Hello everyone, Im pretty new to the BMW world. All I know is that I love the 7 series. I know I want to new model, I think 2002+? Out of the new model, 2002, 2003, 2004, which is known to be the best, or have the least ammount of problems?

Any advice at all will help.

Sorry if this has already been discussed, I cant seem to click on the search forums link.


----------



## BmW745On19's (Aug 12, 2005)

I'd go for a 2003 personally, they fixed a lot of issues with them regarding software and also you get a few extras the 02's don't (such as paddle shifters with the steptronic transmission and adaptive headlights as options).

I have an 02 and it has had absolutely 0 major problems, the only problem it ever had was a software issue which was cleared up with a software update.

Again, I'd go for an '03+ 745i/Li with a sport package (recognized by a 3 spoke steering wheel) and premium sound, heated seats, and xenons.

In any case, make sure you get both the Extended Warranty and Extended Maintanence so anything that breaks (besides tires) are covered for free. 

Both things extended should be 6 years 100,000 miles.


----------



## KyleB (Nov 15, 2006)

Awesome. Thank you SO much for a great, quick responce. My friend referred me to this site, he wasn't lieing when he said everyone was nice and helpfull!


----------



## BmW745On19's (Aug 12, 2005)

No problem buddy!

We are here to answer questions and help out people (and BS in the off topic forum too, heh).

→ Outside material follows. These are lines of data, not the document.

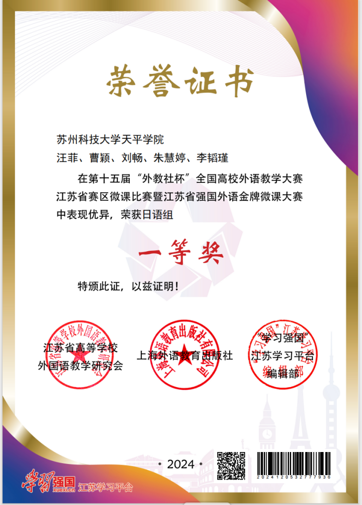 近日,第十五届“外教社杯”全国高校外语教学大赛微课比赛江苏省赛区比赛暨江苏省强国外语金牌微课大赛评审会在河海大学举行,永利官网语言文化学院教师汪菲、曹颖、刘畅、朱慧婷、李韬瑾荣获日语组一等奖。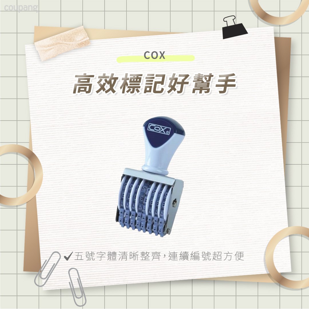 COX 五號八連號碼印是一款實用且多功能的辦公用品。它採用八連號碼設計,可以輕鬆變換數字,滿足不同的編碼需求。五號字體清晰易讀,蓋印效果精準,確保每次使用都能呈現專業級的品質。操作簡單方便,握感舒適,長時間使用也不易疲勞。適用於文件、票據、倉庫管理等多種場合,是提高工作效率的理想選擇。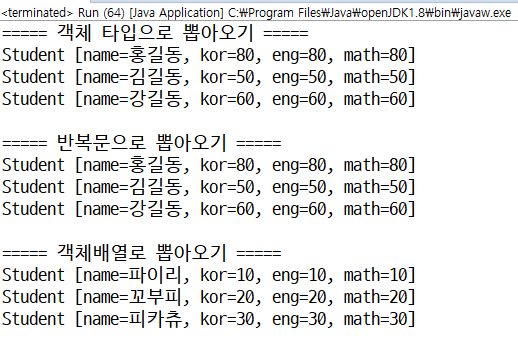 System.out.println("===== 객체배열로 뽑아오기 =====");

Good luck with finding your new car, and when you do get it, make sure you post pictures so everyone can see the beauty.:thumbup:


----------



## KyleB (Nov 15, 2006)

sweet 

I definitley will


----------



## Boxboss (Dec 25, 2005)

BmW745On19's said:


> I'd go for a 2003 personally, they fixed a lot of issues with them regarding software and also you get a few extras the 02's don't (such as paddle shifters with the steptronic transmission and adaptive headlights as options).
> 
> I have an 02 and it has had absolutely 0 major problems, the only problem it ever had was a software issue which was cleared up with a software update.
> 
> ...


+1 I have an '04 and have had zero issues with it. I cannot stress the extended warranty enough! The complexity of these cars and the cost of labor/parts would astound you.


----------